Extracted entries:
---

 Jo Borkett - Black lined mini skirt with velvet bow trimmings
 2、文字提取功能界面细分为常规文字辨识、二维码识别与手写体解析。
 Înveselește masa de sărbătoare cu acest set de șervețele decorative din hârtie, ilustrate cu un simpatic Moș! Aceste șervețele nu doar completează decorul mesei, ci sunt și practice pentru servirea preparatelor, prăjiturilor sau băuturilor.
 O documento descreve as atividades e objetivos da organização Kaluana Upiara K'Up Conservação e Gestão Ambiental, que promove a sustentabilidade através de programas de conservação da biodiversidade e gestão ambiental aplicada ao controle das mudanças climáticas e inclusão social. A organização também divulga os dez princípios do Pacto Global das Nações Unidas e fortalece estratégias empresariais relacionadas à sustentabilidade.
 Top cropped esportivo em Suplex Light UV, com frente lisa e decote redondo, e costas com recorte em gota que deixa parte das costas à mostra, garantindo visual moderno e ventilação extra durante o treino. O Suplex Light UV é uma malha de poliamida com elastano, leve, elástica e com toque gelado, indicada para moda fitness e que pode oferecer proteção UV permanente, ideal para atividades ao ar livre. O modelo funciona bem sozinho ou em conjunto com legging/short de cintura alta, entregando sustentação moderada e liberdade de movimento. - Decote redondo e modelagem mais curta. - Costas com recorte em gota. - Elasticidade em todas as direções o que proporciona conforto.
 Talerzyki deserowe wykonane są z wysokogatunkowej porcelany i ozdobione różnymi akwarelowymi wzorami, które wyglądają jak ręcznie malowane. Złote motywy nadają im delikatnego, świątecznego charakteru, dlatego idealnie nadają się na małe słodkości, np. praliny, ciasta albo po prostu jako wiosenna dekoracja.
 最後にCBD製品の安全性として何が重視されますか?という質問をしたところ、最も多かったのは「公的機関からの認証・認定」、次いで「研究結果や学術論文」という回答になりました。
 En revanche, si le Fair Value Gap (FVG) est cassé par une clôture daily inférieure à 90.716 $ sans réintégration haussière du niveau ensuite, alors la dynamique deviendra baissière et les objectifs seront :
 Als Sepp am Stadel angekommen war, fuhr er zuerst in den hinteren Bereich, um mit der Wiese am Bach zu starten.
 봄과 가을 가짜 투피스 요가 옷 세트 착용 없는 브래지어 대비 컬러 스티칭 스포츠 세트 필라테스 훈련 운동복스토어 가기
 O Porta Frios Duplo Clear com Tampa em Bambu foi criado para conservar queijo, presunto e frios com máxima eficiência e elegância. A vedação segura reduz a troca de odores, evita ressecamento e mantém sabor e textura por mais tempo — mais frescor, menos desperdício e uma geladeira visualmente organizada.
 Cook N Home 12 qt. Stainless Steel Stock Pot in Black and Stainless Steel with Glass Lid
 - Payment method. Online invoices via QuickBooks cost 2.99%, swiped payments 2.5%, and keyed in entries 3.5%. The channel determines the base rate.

---

Task requirements:
Copy the records above exactly, from the first line through the line containing "Top cropped esportivo", and include nothing else.

Written answer:
 Jo Borkett - Black lined mini skirt with velvet bow trimmings
 2、文字提取功能界面细分为常规文字辨识、二维码识别与手写体解析。
 Înveselește masa de sărbătoare cu acest set de șervețele decorative din hârtie, ilustrate cu un simpatic Moș! Aceste șervețele nu doar completează decorul mesei, ci sunt și practice pentru servirea preparatelor, prăjiturilor sau băuturilor.
 O documento descreve as atividades e objetivos da organização Kaluana Upiara K'Up Conservação e Gestão Ambiental, que promove a sustentabilidade através de programas de conservação da biodiversidade e gestão ambiental aplicada ao controle das mudanças climáticas e inclusão social. A organização também divulga os dez princípios do Pacto Global das Nações Unidas e fortalece estratégias empresariais relacionadas à sustentabilidade.
 Top cropped esportivo em Suplex Light UV, com frente lisa e decote redondo, e costas com recorte em gota que deixa parte das costas à mostra, garantindo visual moderno e ventilação extra durante o treino. O Suplex Light UV é uma malha de poliamida com elastano, leve, elástica e com toque gelado, indicada para moda fitness e que pode oferecer proteção UV permanente, ideal para atividades ao ar livre. O modelo funciona bem sozinho ou em conjunto com legging/short de cintura alta, entregando sustentação moderada e liberdade de movimento. - Decote redondo e modelagem mais curta. - Costas com recorte em gota. - Elasticidade em todas as direções o que proporciona conforto.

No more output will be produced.